A Continent Struggling for Prosperity
Let us consider the first critique through a case study of a major European power: France, which serves not only as the only Western-aligned continental nuclear power but also as one of the most consistent state advocates for a Europe that is more coordinated and autonomous in its defense posture. As demonstrated by Figure A, considering the period between the global financial crisis of 2008 and 2025, French society’s confidence in both national institutions and the European Union has been consistently low; no institution has ever gone above 50%, and trust is currently at a low point unseen since 2018. This widespread disillusionment in the state and EU to maintain order, protect society, and provide economic growth is also reflected in an approximately decade-long history of national social unrest, from the 2018-2020 ‘Gilets Jaunes’ to the recent ‘Bloquons Tout’ movement. Notably, the biggest episodes of upheaval have been almost completely disconnected from the ‘old guard’ of institutions built to organize pressure against the national government, including labor unions and traditional parties. Such phenomena reflect a broader anti-establishment trend among the French nation.
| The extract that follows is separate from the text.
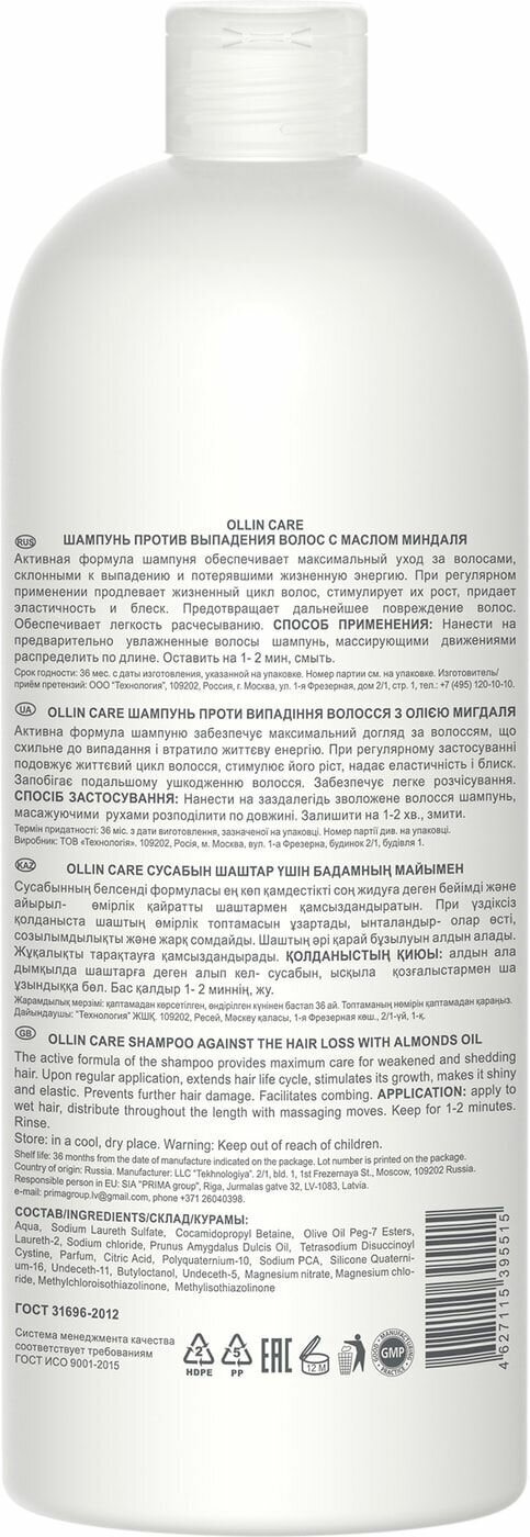 OLLIN Care Almond Oil Shampoo - это выбор тех, кто ценит качество, эффективность и заботу о своих волосах.

Figure A. Chart showcasing French level of trust, in %, toward the European Union, the French Senate, the National Assembly, the Presidency, and the Government, December 2009 to January 2025. Data from OpinionWay & Sciences Po (CEVIPOF), published in February 2025. Visualization created by author.
Looking at Figure B – French national defense spending – it becomes clear that the money Paris invests in its military posture has little association with how much trust the French people have in their institutions. Instead, as Prem Bahadur Manjhi of the University of Calcutta demonstrates through a chronological overview, public opposition and protest have centered around the fact that successive presidencies have dismantled old welfare systems created to allow the gears of democracy to turn throughout the 20th century. This includes to a certain extent the socialist Hollande interregnum, which also adopted an unpopular and inefficient politics of austerity. Similar trends of dissatisfaction and disillusionment, with relative variations based on electoral results, extent of adoption of neoliberalism in the late 20th century, and geopolitical alignment in the Cold War, exist in nearly every country of the NATO alliance, European or North American.
Figure B. Chart showcasing French national defense spending, in % of GDP, going toward the military and national defense, 2009 to 2023. Visualization created by author.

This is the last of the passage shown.